The Cathedral of Our Lady is a special treat. During the long renovation of the Antwerp Museum of Fine Arts, altarpieces that once decorated the pillars of the nave are back on view in their original positions temporarily. Our guide confided his hope that the museum, scheduled to reopen in 2019, won’t want them back.

Some of these 16th-century altarpieces were rescued from the Iconoclasts in 1566. They depict Bible scenes cherished by the guilds that commissioned them — the Miracles of the Loaves, for example, is the central story in the altar sponsored by the Bakers Guild. Look up and you will spy tools of the baker’s craft frescoed in the ceiling.

At St. Andrew Church, our guide explained that a statue of St. Peter by Belgium’s greatest sculptor, Artus Quellinus, was returned after being seized by the French in the 1790s, in the second great calamity that befell Antwerp’s churches. Side by side with the Baroque paintings and sculptors, Father Mannaerts has added modern touches.

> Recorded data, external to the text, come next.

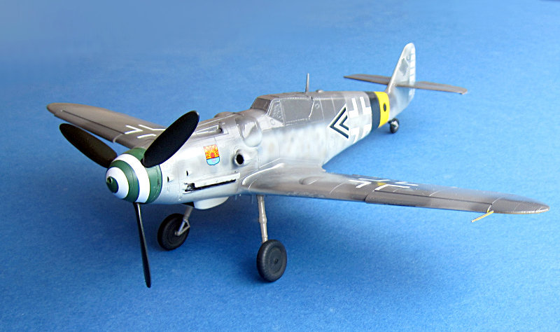 Die Tüpfelung der Seiten habe ich weiter mit RLM76, 75 und 02 bearbeitet und bin soweit ganz zu frieden damit. Also Masken ab und das Ganze ist fertig für den Klarlack. Zuvor habe ich noch die Fahrwerkschächte bemalt.
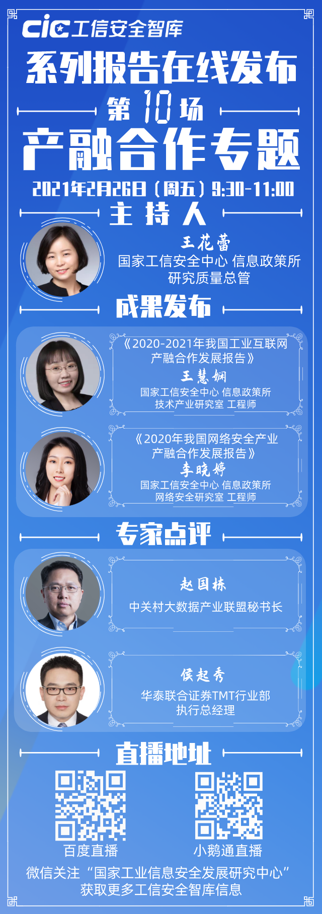 第十場“工信安全智庫”系列報告在線發布活動將于2月26日上午9:30準時上線。本次發布活動重點圍繞黨的十九屆五中全會提出的“推動經濟體系優化升級加快發展現代產業體系”和《中共中央關于制定國民經濟和社會發展第十四個五年規劃和二〇三五年遠景目標的建議》中的“構建金融有效支持實體經濟的體制機制”等要求,以“產融合作”為主題,發布《2020-2021年我國工業互聯網產融合作發展報告》和《2020年我國網絡安全產業產融合作發展報告》兩份“工信安全智庫”洞察系列報告。發布活動將由中心信息政策所研究質量總管王花蕾主持。
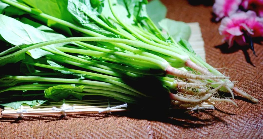 菠菜根中的膳食纤维含量丰富,不易炒熟,常被择去。菠菜根中含维A、维C、维K、铁,其中维K可以防止皮肤、内脏出血。常吃菠菜根还可以增强体力、排毒养颜。
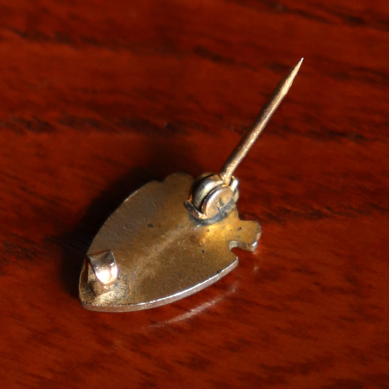 ハードエナメルと呼ばれる七宝焼きの技法で装飾されたバッジです。
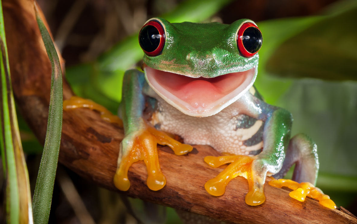 Some frogs are born with the most brilliant colors—and for good reason! The bright colors act as camouflage and a warning to predators not to eat them, as colorful frogs most likely are poisonous.

The ancient statue of the Virgin Mary, carried in procession with glorious robes from various points in her history, now wears a modern gown designed in 2000 by one of Antwerp’s leading fashion designers. A picture near the sacristy titled “What is The Truth?” — Pilate’s question to Jesus — shows heavenly light pooling on the floor in two spaces of a church littered with newspapers and television screens. On the wall above the painting hangs an old picture of St. Francis de Sales, patron of journalists, which was rescued recently from a dusty basement at St. Andrew’s.

A display along the left aisle of the church begins with an infant’s booties and proceeds at intervals through baby shoes, sneakers, skates, cleats, boots, and finally, to a wheelchair and a coffin. “What would you take with you on your last trip?” the exhibit asks.

Father Mannaerts considers himself just a “simple soldier on the battlefield” to combat secularization of churches by educating the general public and the faithful on the deeper message contained in the old art, while constantly bringing in contemporary art and life. He preaches in the local Antwerp dialect at the annual Pentecost Mass, just as the apostles spoke in everyone’s language at the first Pentecost.

Whether teaching at a high school, or at dances or on guided tours, Father Mannaerts said he always wears his clerical collar.

“I am always in uniform,” he said. “Churches must not become museums.”

Hamerman is a freelance writer from Reston.